In particular, a combustion method in which gas is compressed by
causing the gas to collide in a multiple manner from the ejection
opening is combined with the latter construction of symmetric
disposition and a prescribed fuel and catalyst are used, whereby it
is possible to cause cold nuclear fusion to occur easily.
[0014] Furthermore, according to the rotary valve whose formed edge
of the hole part is formed to have a non-circular-arc curved line
and which has a wall thickness of a region on the outer
circumferential side which increases gradually toward the center,
it is possible to restrict the separation of the gas passing
through the hole part, with the result that it is possible to
reduce the noise generated during the introduction of the outside
air into the suction valve.
[0015] Because of the adoption of a construction in which a suction
opening of the suction port is open to a surface part of a moving
body, and during the movement of the movable body, it is possible
to restrict a change of an airflow along the surface part from a
laminar flow to a turbulent flow, it is possible to substantially
reduce the air resistance of the movable body due to the generation
of a turbulent flow and to substantially reduce energy losses of
the whole movable body.
BRIEF DESCRIPTION OF DRAWINGS
[0016] FIG. 1 is a schematic sectional view conceptually showing
the construction of a free-piston engine of the first
embodiment.
[0017] FIG. 2 (A) of FIG. 2 is a schematic sectional view of the
above-described free-piston engine in the direction along the A-A
line of FIG. 1, and (B) of FIG. 2 is a front view conceptually
showing the rotary valve.
[0018] FIGS. 3 (A), (B) and (C) of FIG. 3 are schematic sectional
views to explain actions of the free-piston engine from the
condition of FIG. 1.
[0019] FIG. 4 (A) of FIG. 4 is a schematic sectional view
conceptually showing the construction of a free-piston engine of
the second embodiment, and (B), (C) and (D) of FIG. 4 are schematic
sectional views to explain actions of the free-piston engine from
the condition to the exhaust stroke from the condition of (A).
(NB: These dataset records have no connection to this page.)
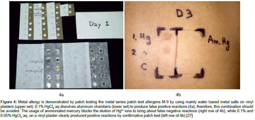 Figure 4: Metal allergy is demonstrated by patch testing the metal series patch test allergens M-9 by using mainly water based metal salts on vinyl plasters (upper set). 0.1% HgCl2 aq dissolves aluminum chambers (lower set) to produce false positive reactions (4a), therefore, this combination should be avoided. The usage of ammoniated mercury blocks the elution of Hg2+ ions to bring about false negative reactions (right row of 4b), while 0.1% and 0.05% HgCl2 aq. on a vinyl plaster clearly produced positive reactions by confirmative patch test (left row of 4b) [27].
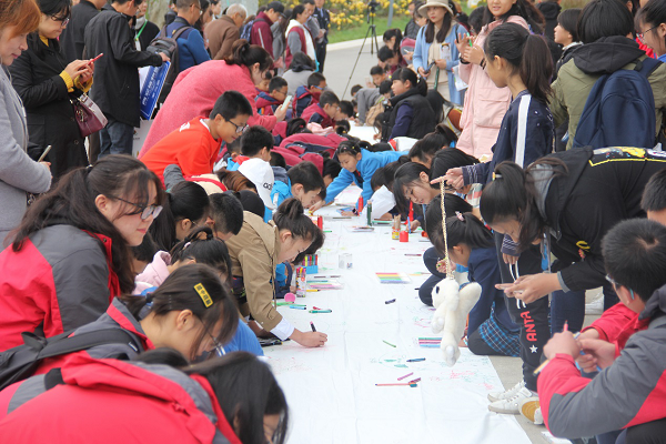启动仪式上,还邀请了2019年全国自然笔记大赛西北分赛区陕西省获奖者现场分享参与自然笔记的感受并为其颁发证书。启动仪式结束后,100余名学生现场共同绘制了一幅百米画卷,随后100余名学生分成三组,参加了3位自然导师带领的以“秋天的密码”为主题的自然观察活动,在自然导师的引导下,用画笔记录下大自然的美丽瞬间。
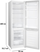 Размера вполне хватает для семьи из трех человек: в холодильном отделении много полок, большой ящик для овощей и фруктов, морозильник на три ящика снизу. Все удобно организовано, легко доставать продукты. Работает почти бесшумно, шум слышен только когда включается компрессор, но он не раздражает. Лед освещение внутри, ничего не теряется в темных углах. Дверцу можно перевесить
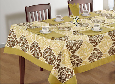 Swayam Printed 6 Seater Table Cover Brown, Beige, Green, Cotton- Flipkart Home Decor & Accessories Online

[0020] FIGS. 5 (A), (B), (C) and (D) of FIG. 5 are schematic
sectional views to explain actions of the free-piston engine to the
suction stroke from the condition of FIG. 4 (D).
[0021] FIG. 6 is a graph to explain actions of the piston and the
piston type valve in one cycle.
[0022] FIG. 7 (A) of FIG. 7 is a schematic sectional view
conceptually showing the construction of a free-piston engine of
the third embodiment, and (B), (C) and (D) of FIG. 7 are schematic
sectional views to explain actions of the free-piston engine from
the condition of (A).
DESCRIPTION OF EMBODIMENTS
[0023] Embodiments of the present invention will be described below
with reference to the drawings.
First Embodiment
[0024] A schematic sectional view conceptually showing the
construction of a free-piston engine of the first embodiment is
shown in FIG. 1. In this drawing, a free-piston engine 10 includes
a cylindrical cylinder 11, a piston 12 which is accommodated in the
internal space of the cylinder 11 and provided so as to be movable
in a direction along the center axis of the internal space (a
horizontal direction in FIG. 1), suction ports 14 which are formed
on the left end side of the cylinder 11 in the figure and intended
for introducing outside air into the cylinder 11, a rotary valve 15
which is adjacent on the left of the cylinder 11 in the figure and
controls the inflow of outside air into the suction ports 14, and
exhaust ports 16 which are formed in a part near the right end of
the cylinder 11 in the figure and are intended for discharging
exhaust gas generated in the cylinder 11 to outside the engine.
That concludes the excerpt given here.